→ **Dataset excerpts**:
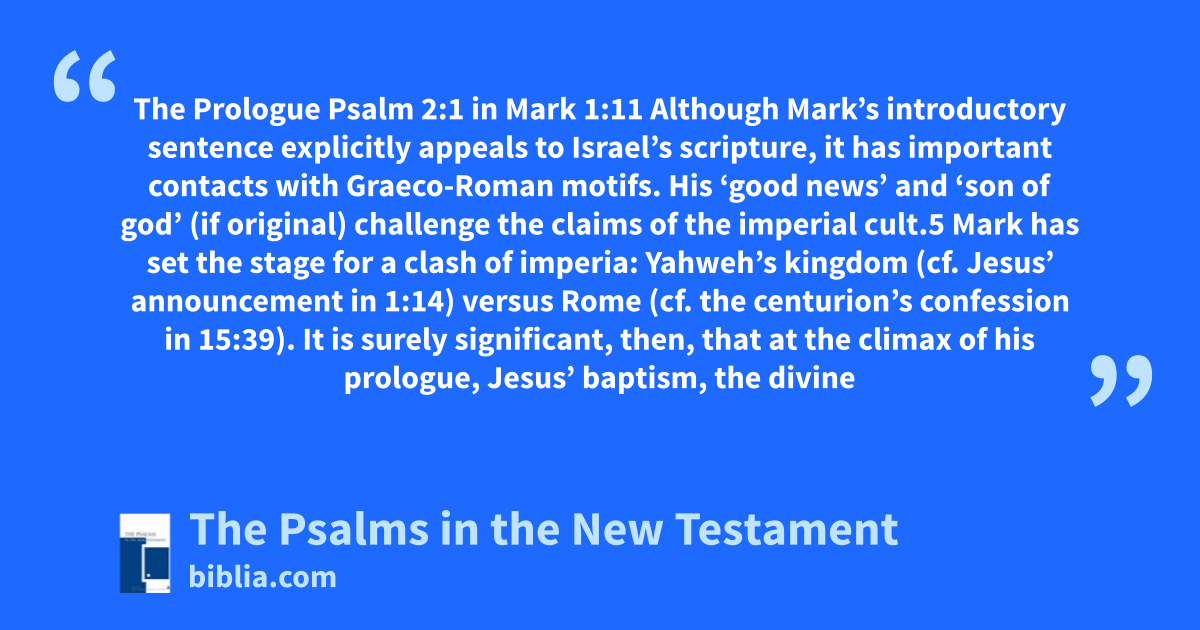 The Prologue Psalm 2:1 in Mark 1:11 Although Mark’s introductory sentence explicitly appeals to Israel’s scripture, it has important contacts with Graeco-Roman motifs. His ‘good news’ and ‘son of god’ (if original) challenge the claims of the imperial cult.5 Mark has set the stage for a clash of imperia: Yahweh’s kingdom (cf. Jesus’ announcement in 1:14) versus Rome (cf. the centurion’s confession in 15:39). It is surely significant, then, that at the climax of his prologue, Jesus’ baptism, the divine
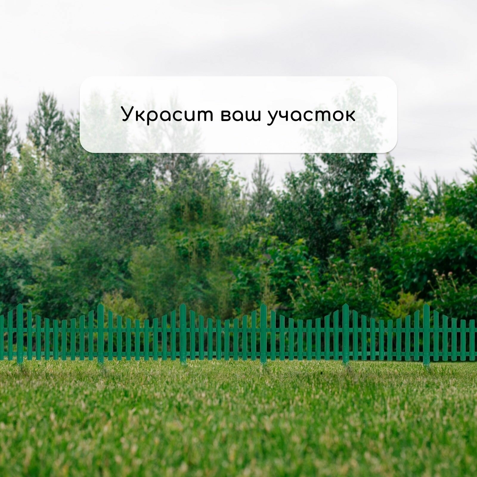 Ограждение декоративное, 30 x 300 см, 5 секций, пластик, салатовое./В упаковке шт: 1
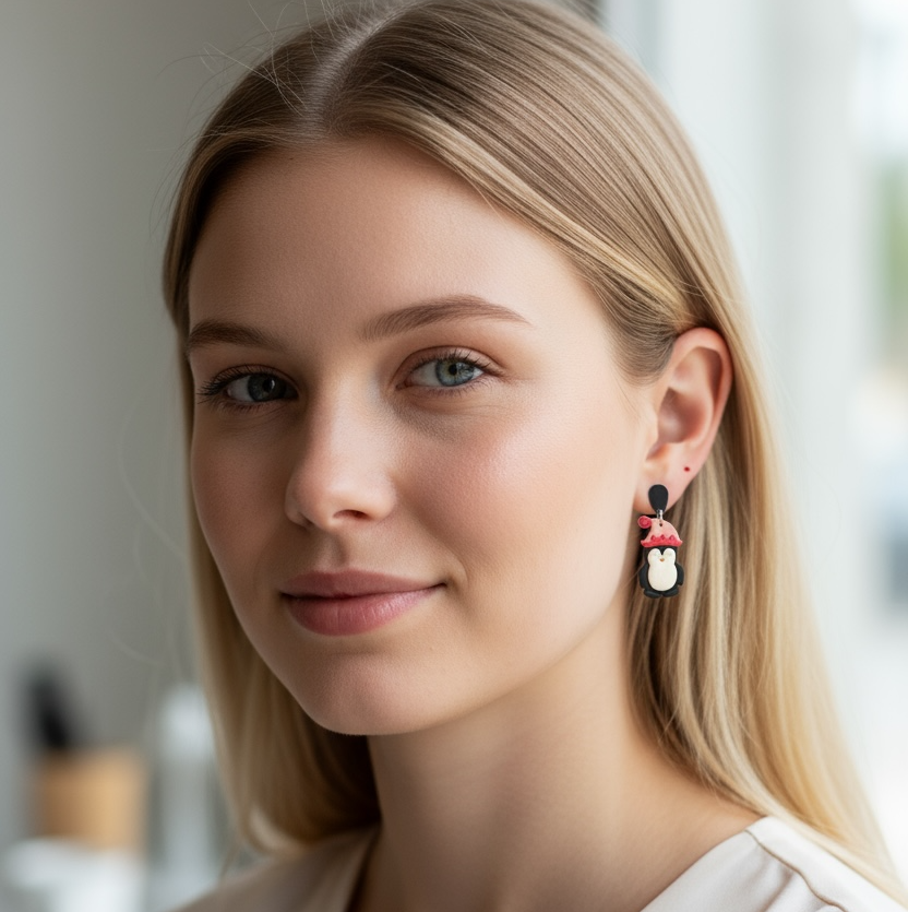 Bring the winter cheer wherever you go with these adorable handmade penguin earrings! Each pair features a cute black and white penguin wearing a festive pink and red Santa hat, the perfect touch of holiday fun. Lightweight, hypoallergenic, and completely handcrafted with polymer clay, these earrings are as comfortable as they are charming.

--

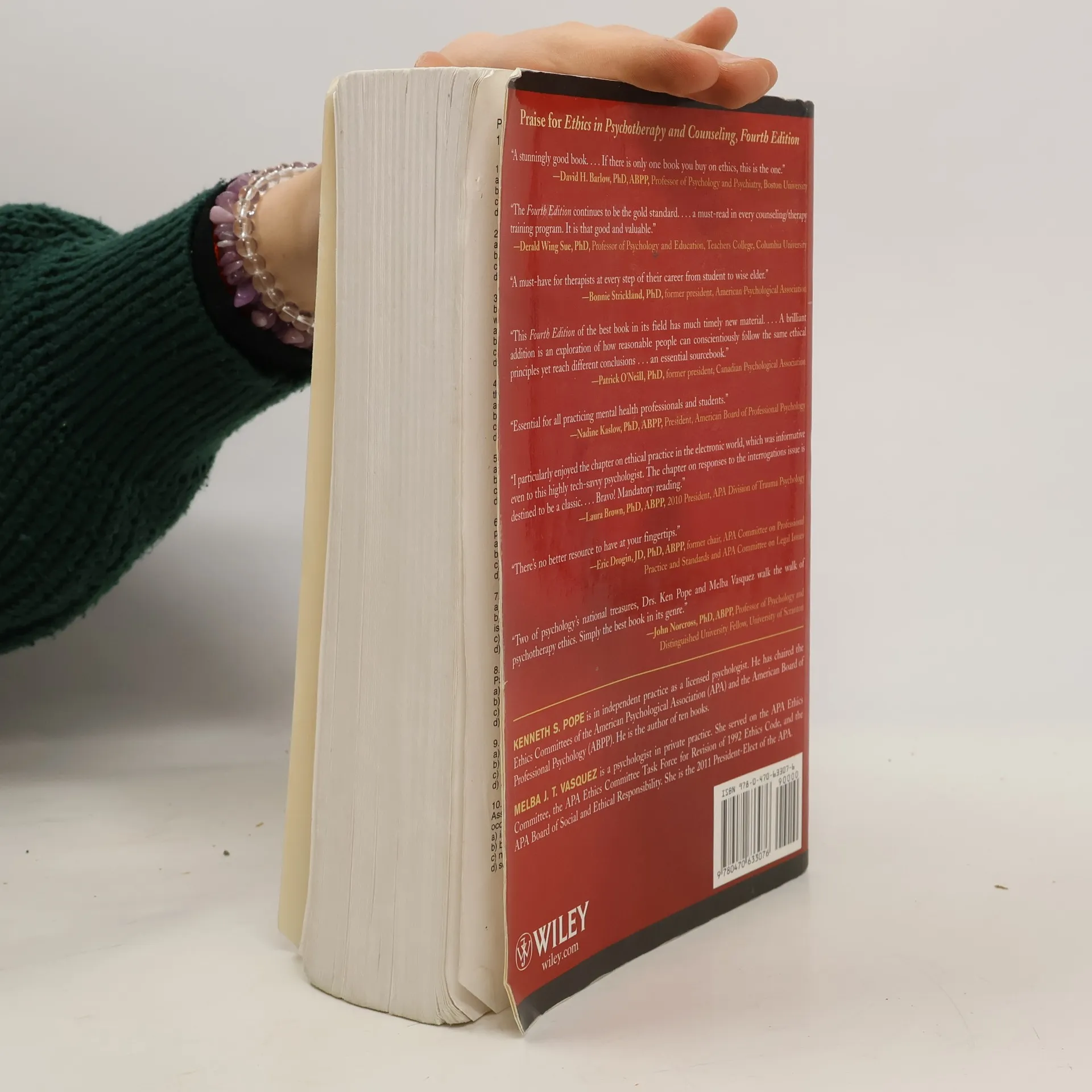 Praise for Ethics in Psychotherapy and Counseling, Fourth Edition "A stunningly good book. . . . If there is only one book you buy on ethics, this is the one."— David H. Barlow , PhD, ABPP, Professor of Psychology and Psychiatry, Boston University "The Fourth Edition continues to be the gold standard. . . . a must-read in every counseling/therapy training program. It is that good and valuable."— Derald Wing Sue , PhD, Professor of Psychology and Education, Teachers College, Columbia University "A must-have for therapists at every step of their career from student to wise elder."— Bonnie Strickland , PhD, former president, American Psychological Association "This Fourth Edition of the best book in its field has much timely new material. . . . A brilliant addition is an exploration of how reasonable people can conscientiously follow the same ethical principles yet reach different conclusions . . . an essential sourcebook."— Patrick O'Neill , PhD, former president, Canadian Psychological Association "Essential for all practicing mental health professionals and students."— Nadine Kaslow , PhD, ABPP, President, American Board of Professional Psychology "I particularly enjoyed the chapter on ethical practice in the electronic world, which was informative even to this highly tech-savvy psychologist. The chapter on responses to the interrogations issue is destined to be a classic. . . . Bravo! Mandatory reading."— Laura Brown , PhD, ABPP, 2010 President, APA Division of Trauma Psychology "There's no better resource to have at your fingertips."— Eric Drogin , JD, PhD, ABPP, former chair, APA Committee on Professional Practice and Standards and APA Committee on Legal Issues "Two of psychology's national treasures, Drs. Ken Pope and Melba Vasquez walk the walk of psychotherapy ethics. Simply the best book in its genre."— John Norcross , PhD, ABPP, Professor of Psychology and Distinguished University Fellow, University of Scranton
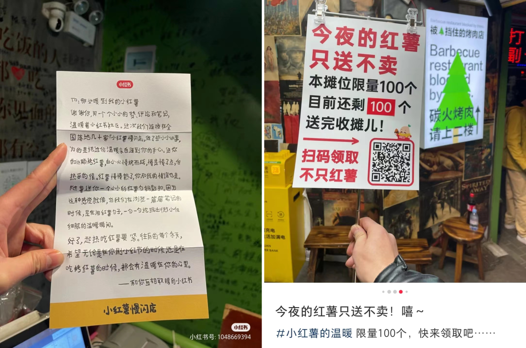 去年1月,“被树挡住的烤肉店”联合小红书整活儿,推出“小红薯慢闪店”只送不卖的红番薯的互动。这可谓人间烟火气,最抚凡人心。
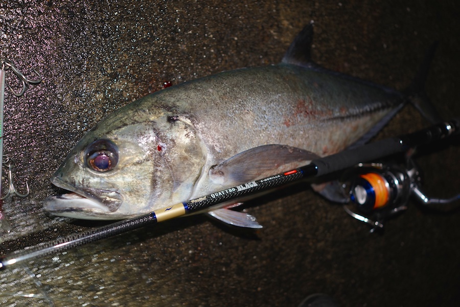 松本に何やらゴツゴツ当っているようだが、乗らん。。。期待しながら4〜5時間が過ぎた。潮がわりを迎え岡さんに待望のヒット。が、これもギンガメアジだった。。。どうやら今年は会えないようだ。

---

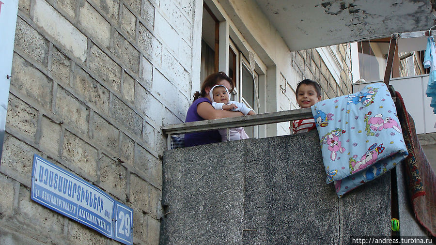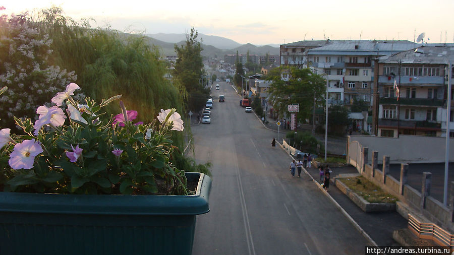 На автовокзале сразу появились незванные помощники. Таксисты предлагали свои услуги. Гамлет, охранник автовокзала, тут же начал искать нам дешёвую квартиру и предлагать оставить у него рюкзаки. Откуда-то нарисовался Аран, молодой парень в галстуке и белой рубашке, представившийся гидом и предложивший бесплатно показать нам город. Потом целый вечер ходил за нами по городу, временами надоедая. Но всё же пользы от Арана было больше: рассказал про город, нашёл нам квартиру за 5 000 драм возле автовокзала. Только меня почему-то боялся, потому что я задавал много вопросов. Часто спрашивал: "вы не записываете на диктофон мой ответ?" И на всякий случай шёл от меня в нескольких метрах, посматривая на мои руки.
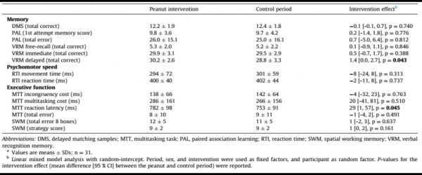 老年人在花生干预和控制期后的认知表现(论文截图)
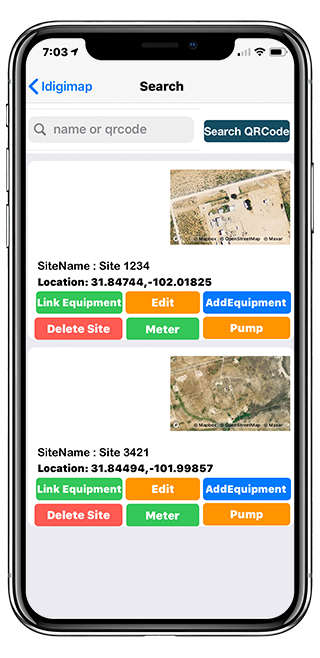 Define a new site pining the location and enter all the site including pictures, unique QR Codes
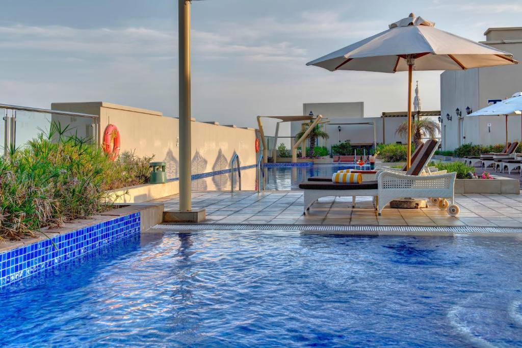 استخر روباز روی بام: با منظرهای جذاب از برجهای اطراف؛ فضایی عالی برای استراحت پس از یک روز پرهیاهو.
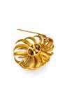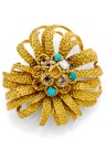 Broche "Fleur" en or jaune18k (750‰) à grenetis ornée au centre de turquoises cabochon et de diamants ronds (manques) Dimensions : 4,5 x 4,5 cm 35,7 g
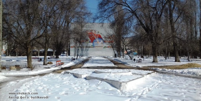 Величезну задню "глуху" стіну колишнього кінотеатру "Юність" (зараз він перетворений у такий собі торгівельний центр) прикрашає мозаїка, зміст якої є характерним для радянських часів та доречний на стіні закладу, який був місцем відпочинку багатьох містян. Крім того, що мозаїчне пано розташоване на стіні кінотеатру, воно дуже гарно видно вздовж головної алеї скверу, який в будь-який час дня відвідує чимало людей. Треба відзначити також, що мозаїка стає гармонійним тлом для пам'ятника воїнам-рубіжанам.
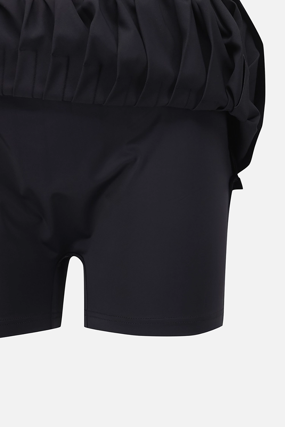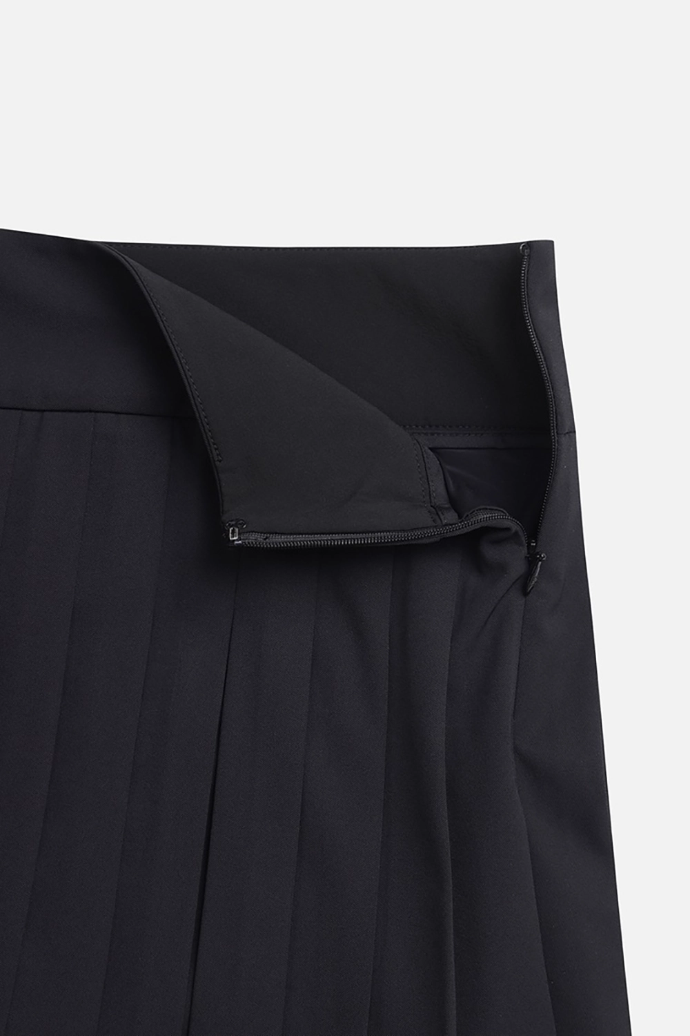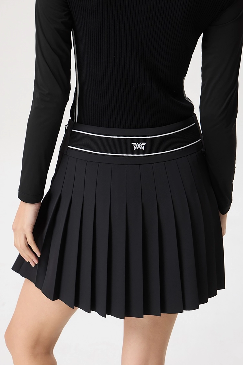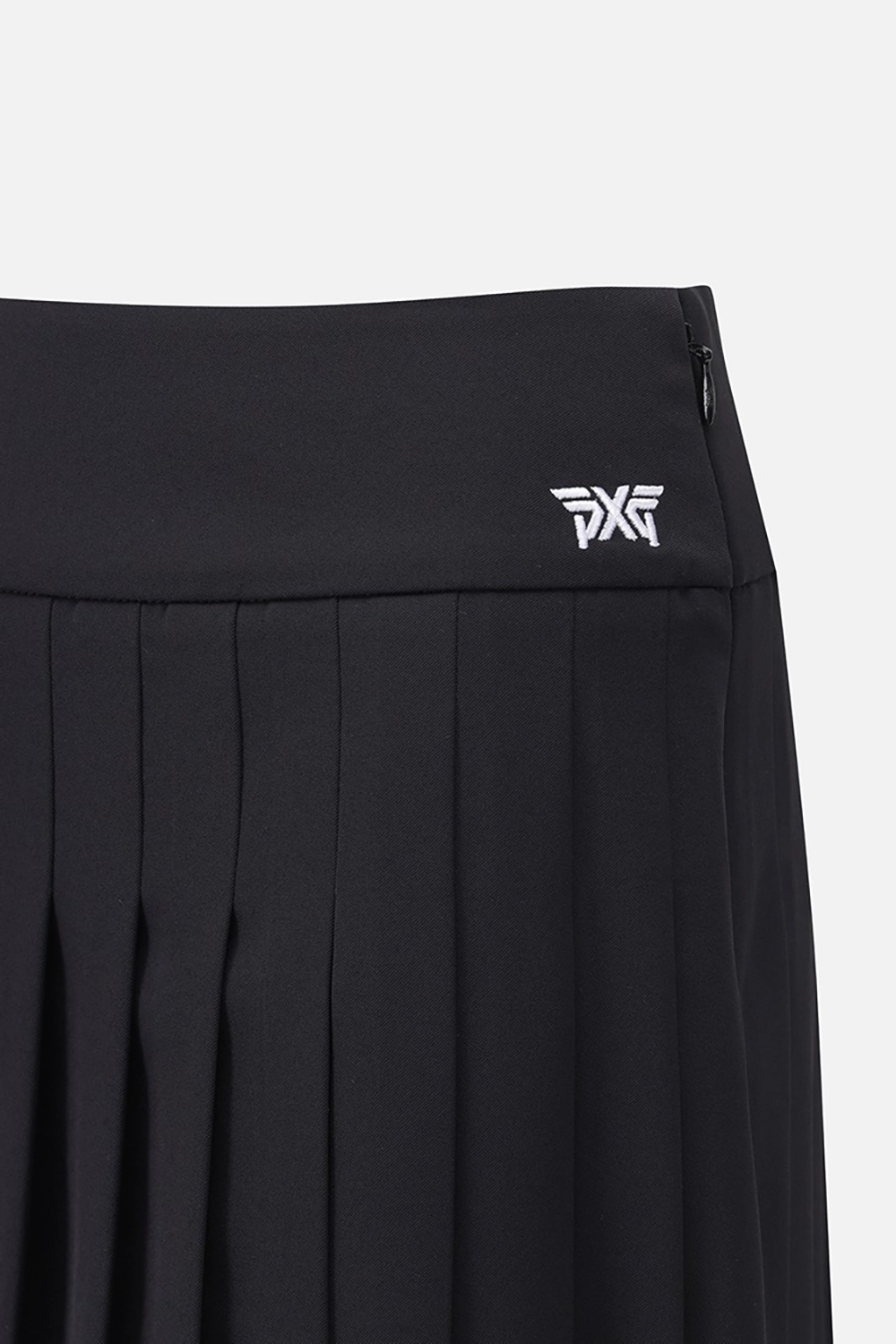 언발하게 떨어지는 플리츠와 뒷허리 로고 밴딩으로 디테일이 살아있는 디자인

→ **Task to carry out**: Would you copy the lines above exactly, starting with the one that has "The Prologue Psalm" and ending with the one that has "Bring the winter", both included, without the pictures?

→ **Exercise response**:
 The Prologue Psalm 2:1 in Mark 1:11 Although Mark’s introductory sentence explicitly appeals to Israel’s scripture, it has important contacts with Graeco-Roman motifs. His ‘good news’ and ‘son of god’ (if original) challenge the claims of the imperial cult.5 Mark has set the stage for a clash of imperia: Yahweh’s kingdom (cf. Jesus’ announcement in 1:14) versus Rome (cf. the centurion’s confession in 15:39). It is surely significant, then, that at the climax of his prologue, Jesus’ baptism, the divine
 Ограждение декоративное, 30 x 300 см, 5 секций, пластик, салатовое./В упаковке шт: 1
 Bring the winter cheer wherever you go with these adorable handmade penguin earrings! Each pair features a cute black and white penguin wearing a festive pink and red Santa hat, the perfect touch of holiday fun. Lightweight, hypoallergenic, and completely handcrafted with polymer clay, these earrings are as comfortable as they are charming.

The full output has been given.